■ Instructions to follow: A word-for-word copy of the data, pictures excluded, is what this task asks for.

■ Information provided:

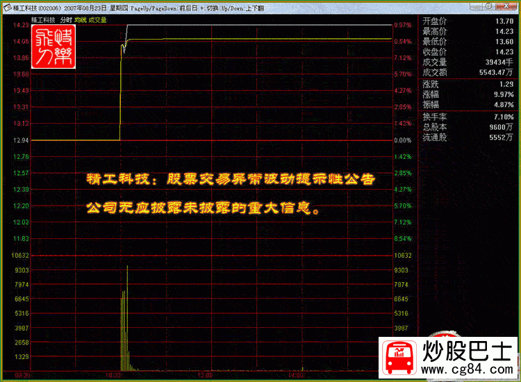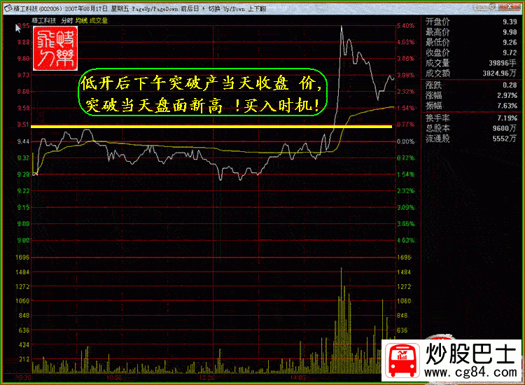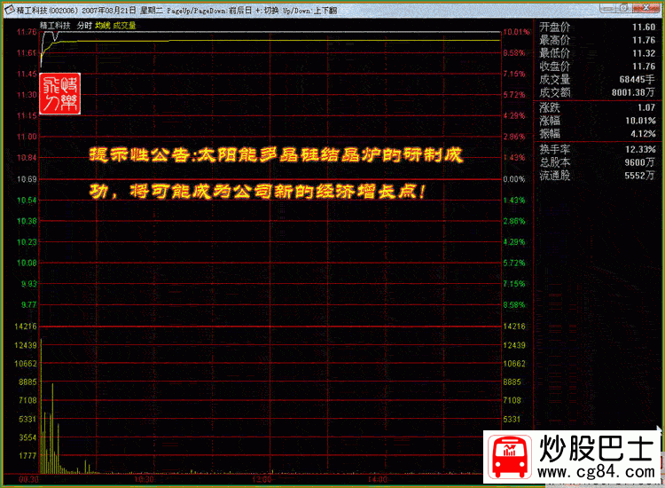 二.巨量之破頂沖關 K線形態:在某種利好的刺激下,股價連續數日上漲,在前頭部放出巨量,最終以漲停板報收,說明主力統吃上方籌碼 ,上攻心態急切!當前幾日,本人沒有對該股引起足夠關注,當發現時,已經快漲停了,當時估計如能封停,第二日可能會呈現高開高走縮量封停的走勢,后來的走勢正如我所估計的,但可惜的是,在封停后,本人一看沒有成交就很快撤單了,盤中沒有再看過!盤后分析時發現完全有時機介入! 股票實例: 002006精工科技 時間 :2007年8月22日 在加息的下刺激下,該股 不但沒有低開,反而當天以11.98元高開,開盤70倍以上的量比 ,很快封停隨后打開 ,盤中曾一度跌到漲停的5%.正是時機!在盤中不斷地入巨量成交,10:30準時封停,之后,漲停板反復打開,給人恐慌,不斷地有人出逃,上午收盤前封停,收盤后從成交量上看,換手極度萎縮!說明該跑的都跑了!盤中曾一度跌到漲停的5%.正是時機!在盤中不斷地入巨量成交,10:30準時封停,之后,漲停板反復打開,給人恐慌,不斷地有人出逃,上午收盤前封停,收盤后從成交量上看,換手極度萎縮!說明該跑的都跑了!當天的換手率31.88%! K線分析:2007年8月20日,該股在消息真空時,高開高走,迅速封停,當日的換手7.57%,最佳換手漲停! 8月21日出消息:002006 精工科技生命歷程: 2007年8月21日 精工科技:太陽能多晶硅結晶爐單臺研制成功到形成批量生產還需要較長時間 精工科技(002006)2007年8月20日,《證券時報》刊登了《精工科技造出太陽能多晶硅結晶爐,成為國內唯一能生產太陽能核心設備的廠家》,現公司對上述事項說明如下: 1、公司控股子公司紹興縣精工機電研究所有限公司目前已經研制成功了太陽能多晶硅結晶爐1臺,并于2007年6月開始推向市場,上述事項公司已在《2007年半年度報告》中作了披露。 目前,紹興縣精工機電研究所有限公司正在對研制的太陽能多晶硅結晶爐核心技術申請國家專利。 2、太陽能多晶硅結晶爐的研制成功,將可能成為公司新的經濟增長點。但是,該產品的單臺研制成功到形成批量生產,尚需很多工作要做,還需要較長的時間,因此,形成具體的產能和產量還存在較大的不確定性,請投資者注意投資風險。 同樣,高開高走再度封停,這種目的就是不讓跟風盤介入!
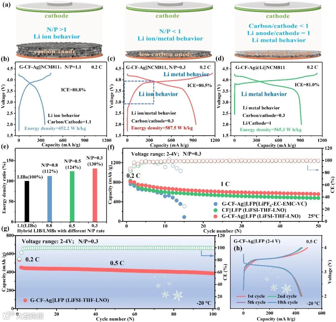 N/P比为0.3时,混合全电池G-CF-Ag||NCM811在0.2 C下提供587.5 W h kg−1的高能量密度。在相同的N/P比条件下,G-CF-Ag||LFP在50°C至-20°C的宽温度范围内能够稳定循环。
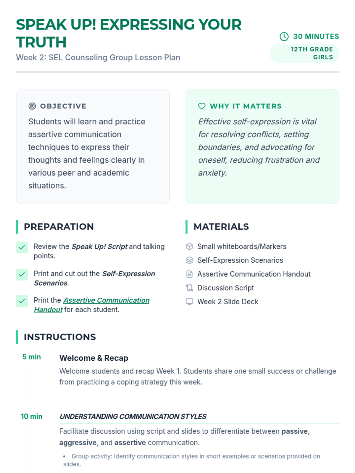 A 4-week SEL counseling curriculum for 12th-grade girls focusing on healthy coping with frustration and anxiety, assertive self-expression, and managing academic/college stress in a Tier 2 small group setting.

■ Output for this exercise:
 二.巨量之破頂沖關 K線形態:在某種利好的刺激下,股價連續數日上漲,在前頭部放出巨量,最終以漲停板報收,說明主力統吃上方籌碼 ,上攻心態急切!當前幾日,本人沒有對該股引起足夠關注,當發現時,已經快漲停了,當時估計如能封停,第二日可能會呈現高開高走縮量封停的走勢,后來的走勢正如我所估計的,但可惜的是,在封停后,本人一看沒有成交就很快撤單了,盤中沒有再看過!盤后分析時發現完全有時機介入! 股票實例: 002006精工科技 時間 :2007年8月22日 在加息的下刺激下,該股 不但沒有低開,反而當天以11.98元高開,開盤70倍以上的量比 ,很快封停隨后打開 ,盤中曾一度跌到漲停的5%.正是時機!在盤中不斷地入巨量成交,10:30準時封停,之后,漲停板反復打開,給人恐慌,不斷地有人出逃,上午收盤前封停,收盤后從成交量上看,換手極度萎縮!說明該跑的都跑了!盤中曾一度跌到漲停的5%.正是時機!在盤中不斷地入巨量成交,10:30準時封停,之后,漲停板反復打開,給人恐慌,不斷地有人出逃,上午收盤前封停,收盤后從成交量上看,換手極度萎縮!說明該跑的都跑了!當天的換手率31.88%! K線分析:2007年8月20日,該股在消息真空時,高開高走,迅速封停,當日的換手7.57%,最佳換手漲停! 8月21日出消息:002006 精工科技生命歷程: 2007年8月21日 精工科技:太陽能多晶硅結晶爐單臺研制成功到形成批量生產還需要較長時間 精工科技(002006)2007年8月20日,《證券時報》刊登了《精工科技造出太陽能多晶硅結晶爐,成為國內唯一能生產太陽能核心設備的廠家》,現公司對上述事項說明如下: 1、公司控股子公司紹興縣精工機電研究所有限公司目前已經研制成功了太陽能多晶硅結晶爐1臺,并于2007年6月開始推向市場,上述事項公司已在《2007年半年度報告》中作了披露。 目前,紹興縣精工機電研究所有限公司正在對研制的太陽能多晶硅結晶爐核心技術申請國家專利。 2、太陽能多晶硅結晶爐的研制成功,將可能成為公司新的經濟增長點。但是,該產品的單臺研制成功到形成批量生產,尚需很多工作要做,還需要較長的時間,因此,形成具體的產能和產量還存在較大的不確定性,請投資者注意投資風險。 同樣,高開高走再度封停,這種目的就是不讓跟風盤介入!
 N/P比为0.3时,混合全电池G-CF-Ag||NCM811在0.2 C下提供587.5 W h kg−1的高能量密度。在相同的N/P比条件下,G-CF-Ag||LFP在50°C至-20°C的宽温度范围内能够稳定循环。
 A 4-week SEL counseling curriculum for 12th-grade girls focusing on healthy coping with frustration and anxiety, assertive self-expression, and managing academic/college stress in a Tier 2 small group setting.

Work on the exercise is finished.